ENTRIES PROVIDED:
━━━━
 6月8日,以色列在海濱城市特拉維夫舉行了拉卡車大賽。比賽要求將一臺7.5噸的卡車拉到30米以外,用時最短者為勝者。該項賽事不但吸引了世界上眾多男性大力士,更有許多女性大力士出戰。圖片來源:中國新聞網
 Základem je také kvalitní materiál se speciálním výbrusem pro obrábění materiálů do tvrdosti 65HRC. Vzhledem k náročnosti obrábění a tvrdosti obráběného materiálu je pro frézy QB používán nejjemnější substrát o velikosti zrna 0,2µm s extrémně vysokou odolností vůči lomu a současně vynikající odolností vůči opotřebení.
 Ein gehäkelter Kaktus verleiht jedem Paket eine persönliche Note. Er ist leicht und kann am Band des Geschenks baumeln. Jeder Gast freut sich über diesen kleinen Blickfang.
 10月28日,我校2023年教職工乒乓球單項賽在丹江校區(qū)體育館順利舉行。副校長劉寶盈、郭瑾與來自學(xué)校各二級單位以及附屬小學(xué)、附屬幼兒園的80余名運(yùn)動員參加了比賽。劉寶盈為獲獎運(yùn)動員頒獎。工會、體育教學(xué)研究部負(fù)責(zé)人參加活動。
━━━━
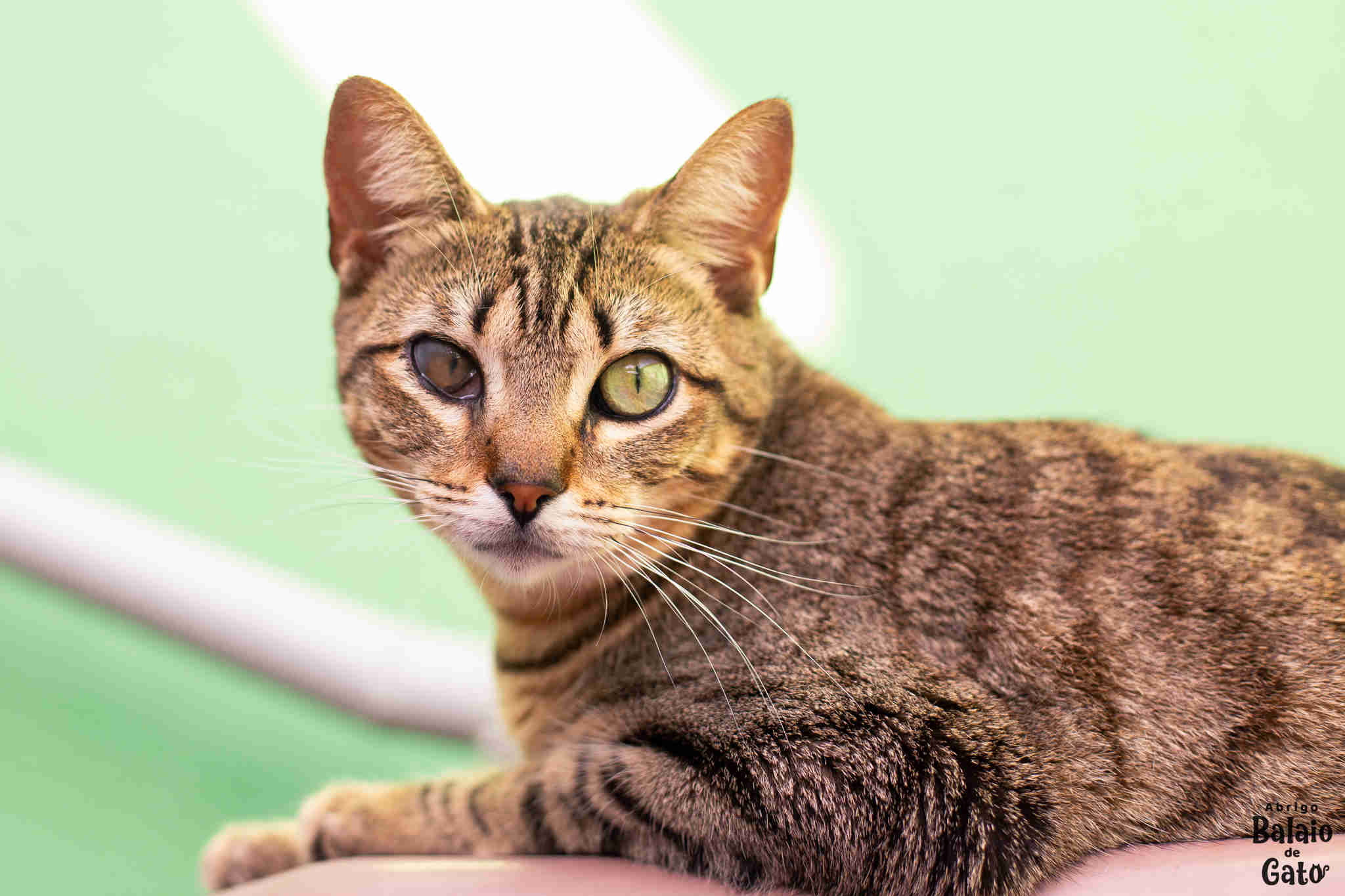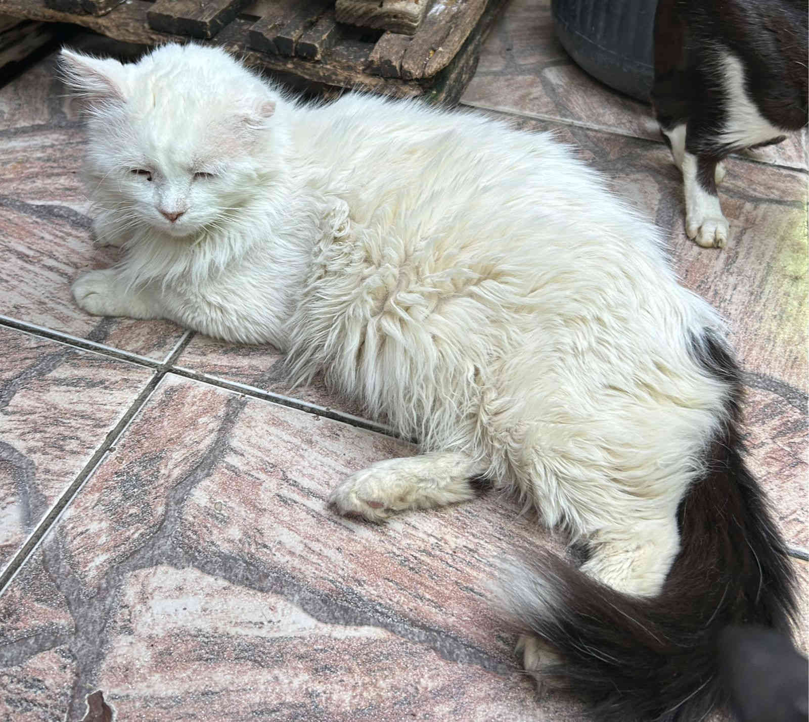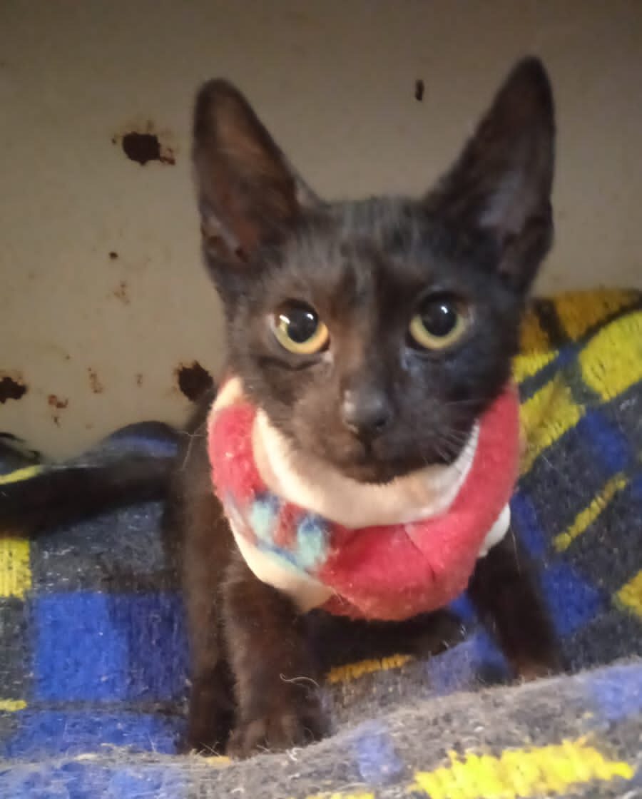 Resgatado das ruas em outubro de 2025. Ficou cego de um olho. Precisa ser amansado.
━━━━
EXERCISE DIRECTIONS:
Would you print, exactly as written, every line above from the one holding "6月8日,以色列在海濱城市特" through the one holding "10月28日,我校2023年", with both included and no other lines?

COMPLETED TASK:
 6月8日,以色列在海濱城市特拉維夫舉行了拉卡車大賽。比賽要求將一臺7.5噸的卡車拉到30米以外,用時最短者為勝者。該項賽事不但吸引了世界上眾多男性大力士,更有許多女性大力士出戰。圖片來源:中國新聞網
 Základem je také kvalitní materiál se speciálním výbrusem pro obrábění materiálů do tvrdosti 65HRC. Vzhledem k náročnosti obrábění a tvrdosti obráběného materiálu je pro frézy QB používán nejjemnější substrát o velikosti zrna 0,2µm s extrémně vysokou odolností vůči lomu a současně vynikající odolností vůči opotřebení.
 Ein gehäkelter Kaktus verleiht jedem Paket eine persönliche Note. Er ist leicht und kann am Band des Geschenks baumeln. Jeder Gast freut sich über diesen kleinen Blickfang.
 10月28日,我校2023年教職工乒乓球單項賽在丹江校區(qū)體育館順利舉行。副校長劉寶盈、郭瑾與來自學(xué)校各二級單位以及附屬小學(xué)、附屬幼兒園的80余名運(yùn)動員參加了比賽。劉寶盈為獲獎運(yùn)動員頒獎。工會、體育教學(xué)研究部負(fù)責(zé)人參加活動。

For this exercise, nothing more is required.